Vorcaro nega à PF ter corrompido servidores do BC e diz que poderia

Vorcaro nega à PF ter corrompido servidores do BC e diz que poderia 'falar mais' com delação

Fonte: Bandeira da fonte

O banqueiro Daniel Vorcaro prestou depoimento à Polícia Federal por aproximadamente quatro horas nesta sexta-feira, 28, no inquérito que apura as suspeitas de cooptação de dois servidores do Banco Central.
Ele negou ter praticado atos de corrupção desses servidores, mas, ao final do depoimento, disse à PF que se estivesse em um ambiente de delação premiada, "poderia falar muito mais coisas" sobre o assunto.

O depoimento seria realizado na quinta, 27, mas acabou sendo adiado por problemas técnicos.
A PF fez questionamentos sobre a relação de Vorcaro com o ex-diretor de fiscalização do BC, Paulo Sérgio Neves, e com o ex-chefe do departamento de supervisão bancária, Belline Santana.

Eles são suspeitos de terem recebido propinas em troca de dar uma consultoria informal ao dono do Banco Master durante o processo de tentativa de venda ao Banco de Brasília (BRB).
Vorcaro disse que os pagamentos feito a eles não tiveram irregularidades.

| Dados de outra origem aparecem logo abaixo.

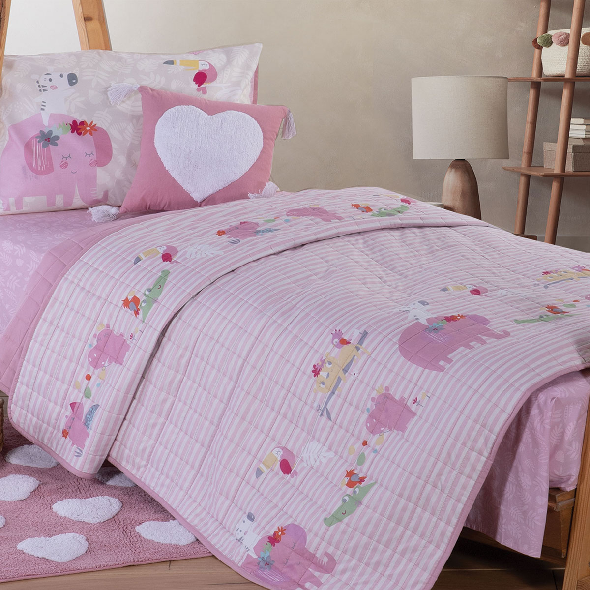 Παιδικό κουβερλί διπλής όψης σε ροζ-λιλά χρώμα με πολύχρωμες λεπτομέρειες και σχέδιο ζωάκια από την εταιρεία Nef-Nef. Το εξωτερικό ύφασμα είναι από 100% microfiber βάρους 75gr/m2 ενώ η γέμιση είναι από πολυεστερική βάτα βάρους 200gr/m2. Ιδανική επιλογή για τους ανοιξιάτικους και καλοκαιρινούς μήνες. Συνδυάστε το με τα υπόλοιπα προϊόντα της ίδιας σειράς για ένα ολοκληρωμένο αποτέλεσμα.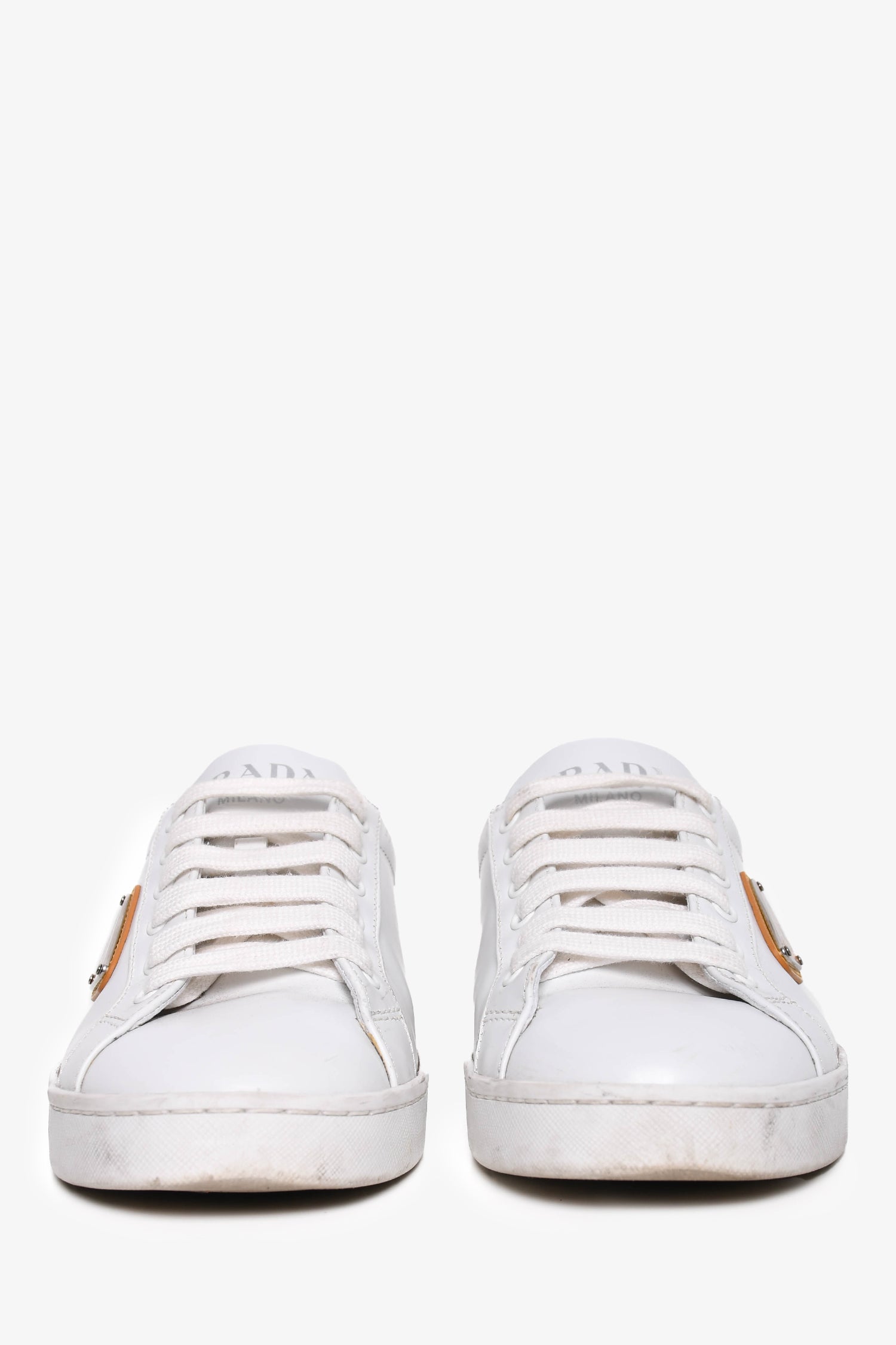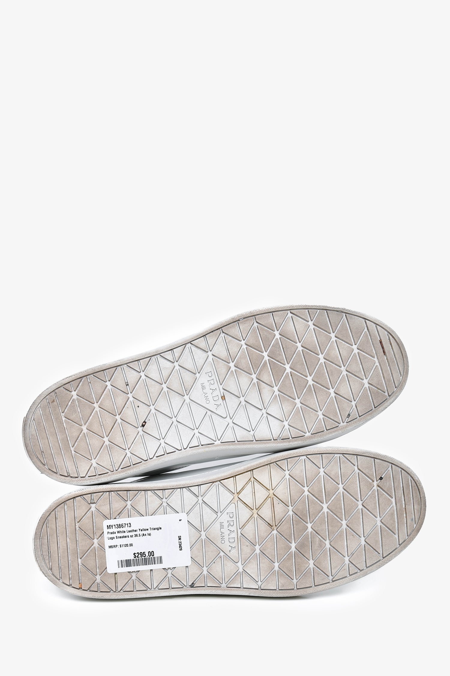 Prada White Leather Yellow Triangle Logo Sneakers Size 36.5 (As Is)

Belline foi contratado por um operador de Vorcaro para uma consultoria em um projeto para conectar jovens da periferia ao mercado financeiro, que a PF diz ter sido apenas de fachada, enquanto Paulo Sérgio vendeu um terreno ao cunhado de Vorcaro, Fabiano Zettel.

No depoimento, Vorcaro disse que os pagamentos a Belline foram efetivamente para o projeto de jovens e que a transação com Paulo Sérgio foi definida por seu cunhado para investimento no mercado imobiliário.
De acordo com comunicado feito por sua defesa, Vorcaro negou atos de corrupção.
"Daniel respondeu de forma clara e consistente a todos os questionamentos que lhe foram formulados, não deixando qualquer indagação sem esclarecimento.
Restou demonstrado, em especial, que não houve qualquer ato de corrupção envolvendo os servidores mencionados na investigação", disse a nota, assinada pela equipe de advogados da defesa do banqueiro.
O depoimento foi feito por videoconferência de dentro da unidade prisional da Papudinha, onde ele está detido há cerca de dois meses.
O delegado responsável pelo caso e sua defesa participaram também por vídeo.
É o primeiro depoimento de Vorcaro à PF depois que ele tentou fazer um acordo de delação premiada, que acabou sendo rejeitado pelos investigadores.
Sua defesa tem sinalizado que ele continua querendo colaborar e quer tentar fazer uma terceira proposta de delação, mas ainda não houve nenhum movimento concreto nesse sentido.

A frase dita pelo banqueiro à PF no depoimento foi uma demonstração dessa disposição.
No final do interrogatório, ele afirmou que "poderia falar muito mais coisas" se estivesse em um ambiente de colaboração premiada.
A defesa afirmou, na nota divulgada à imprensa, que Vorcaro "externou, ainda, sua plena disposição de prestar esclarecimentos mais amplos e aprofundados sobre os fatos, desde que lhe seja efetivamente assegurada a possibilidade de colaborar".